I also recognize that some specific concerns about the labor market are warranted. One factor explaining the current worker shortage is pervasive drug addiction, for example. And in the long run, some jobs will eliminated, leaving their current or prospective occupants with the need to retrain, relocated, or rethink their futures.
What I don’t agree with is the hysterical way politicians often talk about these issues. They may believe such emotive performances are what the public wants, that using such language will signal how much they care about those who are suffering. Or politicians may believe that if they punch their fingers into enough panic buttons, solutions will materialize. In this, they are following Teddy Roosevelt’s leadership advice: “In any moment of decision, the best thing you can do is the right thing, the next best thing is the wrong thing, and the worst thing you can do is nothing.”
Another possibility is that at least some of these politicians are, in fact, hysterics. Roosevelt certainly was.
A subsequent Republican president, Calvin Coolidge, was his temperamental opposite — and offered much sounder advice: “If you see ten troubles coming down the road, you can be sure that nine will run into the ditch before they reach you.”

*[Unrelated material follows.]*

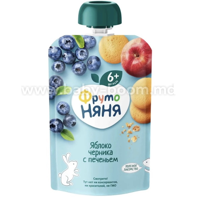 Фруктовое пюре «ФрутоНяня» Яблоко, черника, печенье в мягкой упаковке — это вкусный и полезный перекус, который удобно брать с собой, а яркая мягкая упаковка привлечёт внимание вашего малыша и позволит ему есть самостоятельно. Спелая черника, отборные яблоки и специальное детское печенье обеспечат организм вашего малыша природной пользой и энергией для гармоничного роста!

Policymakers can and should take practical steps to help today’s workers prepare for tomorrow’s economy. They can improve and extend job-retraining programs. They can restructure the unemployment-insurance system to encourage rapid reentry into the workforce (including the option of a one-time cash payout to cover the expense of moving to where new jobs are being created). They can reform tax and regulatory obstacles that keep entrepreneurs from founding or expanding new enterprises.
What they can’t do — what no one can or should attempt to do — is stop change from happening. If machinery can make things faster and cheaper than human hands, great! In the past, such innovations freed the vast majority of us from having to scratch our living out of the soil, as most human beings did for most of human history. Labor-saving methods and devices allow us to redirect our efforts to more productive pursuits.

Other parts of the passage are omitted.